───── Provided data ─────
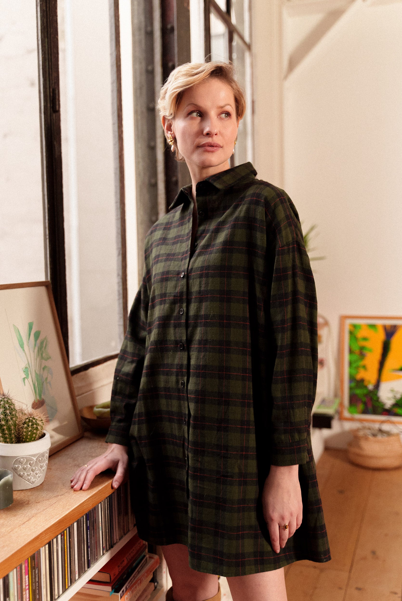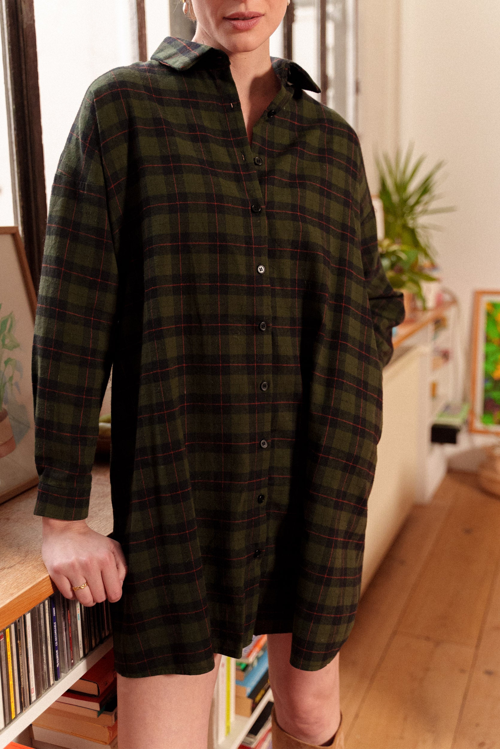 Notre robe chemise à carreaux Eirlys, avec ses motifs écossais intemporel est une pièce qui peut être styliser de plusieurs façon. Agrémenter d'une ceinture cintrée à la taille vous pourrez également donner naissance à une robe à la fois élégante et polyvalente.
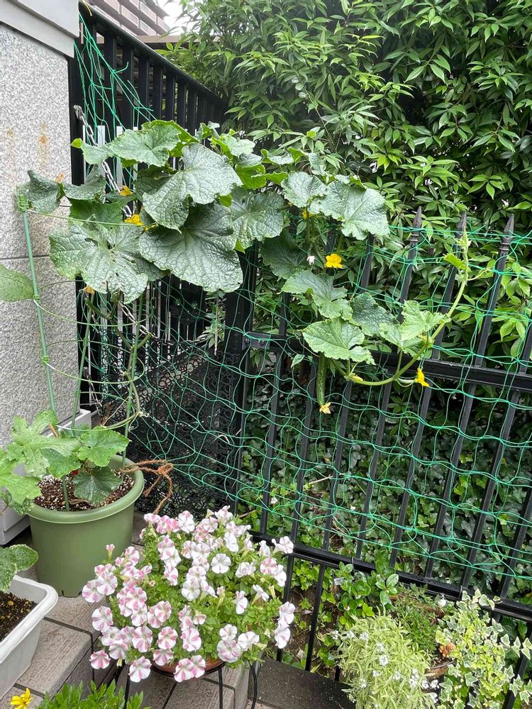 きゅうり🥒の枝が支柱より伸びてしまったため、フェンスにネットをはり、枝がネットにうまく誘引してくれました😉
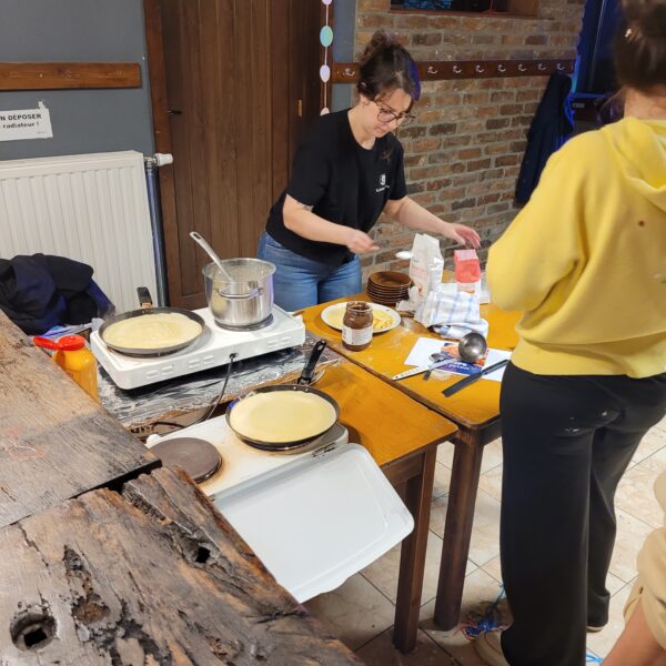 Côté gourmandises, le succès a été tout aussi impressionnant : les crêpes ont rencontré un tel engouement que nous avons dû retourner acheter plus d’ingrédients au magasin pour préparer davantage de pâte. Toutes les chiques ont été vendues, et presque tous les paquets de chips ont disparu. Petits gourmands !
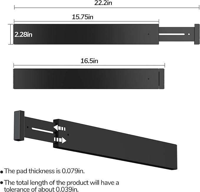 • EXPANDABLE: The size is 16.77 inch (un-expanded) to 22.05 inch (expanded); The pad thickness is 0.079 in, and the total length of the product will have a tolerance of about 0.039 in; Compressed packaging in transit may prevent the spring from being fully stretched to a sufficient length; At this time, please manually pull out the dividers to the top to ensure sufficient length
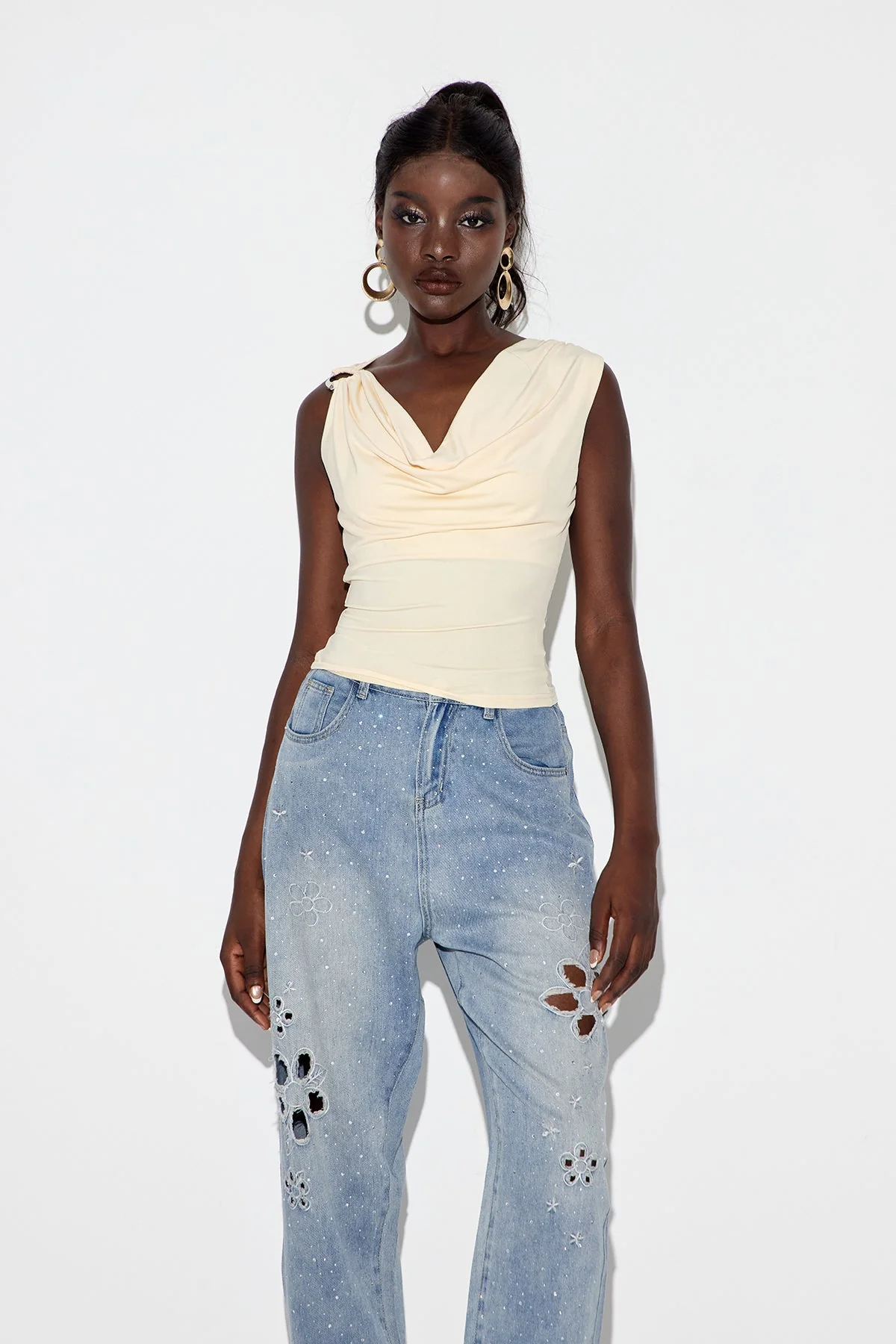 Indulge in elegance with the Chic Apricot Cowl Neck Sleeveless Top . This sophisticated top, available in sizes S, M, and L, boasts a sleek silhouette that accentuates your curves. The draped cowl neckline adds a touch of charm, while the non-stretch fabric ensures a tailored fit perfect for professional or evening attire. Crafted for style and comfort, this bodycon top is a chic essential that pairs beautifully with pants or skirts. Elevate your look effortlessly while exuding confidence with this versatile top.
─────
◆ Your goal
Exactly as they appear, print the lines of the listing above from its first line through the line that contains "Côté gourmandises, le", minus the pictures.

◆ Answer section
 Notre robe chemise à carreaux Eirlys, avec ses motifs écossais intemporel est une pièce qui peut être styliser de plusieurs façon. Agrémenter d'une ceinture cintrée à la taille vous pourrez également donner naissance à une robe à la fois élégante et polyvalente.
 きゅうり🥒の枝が支柱より伸びてしまったため、フェンスにネットをはり、枝がネットにうまく誘引してくれました😉
 Côté gourmandises, le succès a été tout aussi impressionnant : les crêpes ont rencontré un tel engouement que nous avons dû retourner acheter plus d’ingrédients au magasin pour préparer davantage de pâte. Toutes les chiques ont été vendues, et presque tous les paquets de chips ont disparu. Petits gourmands !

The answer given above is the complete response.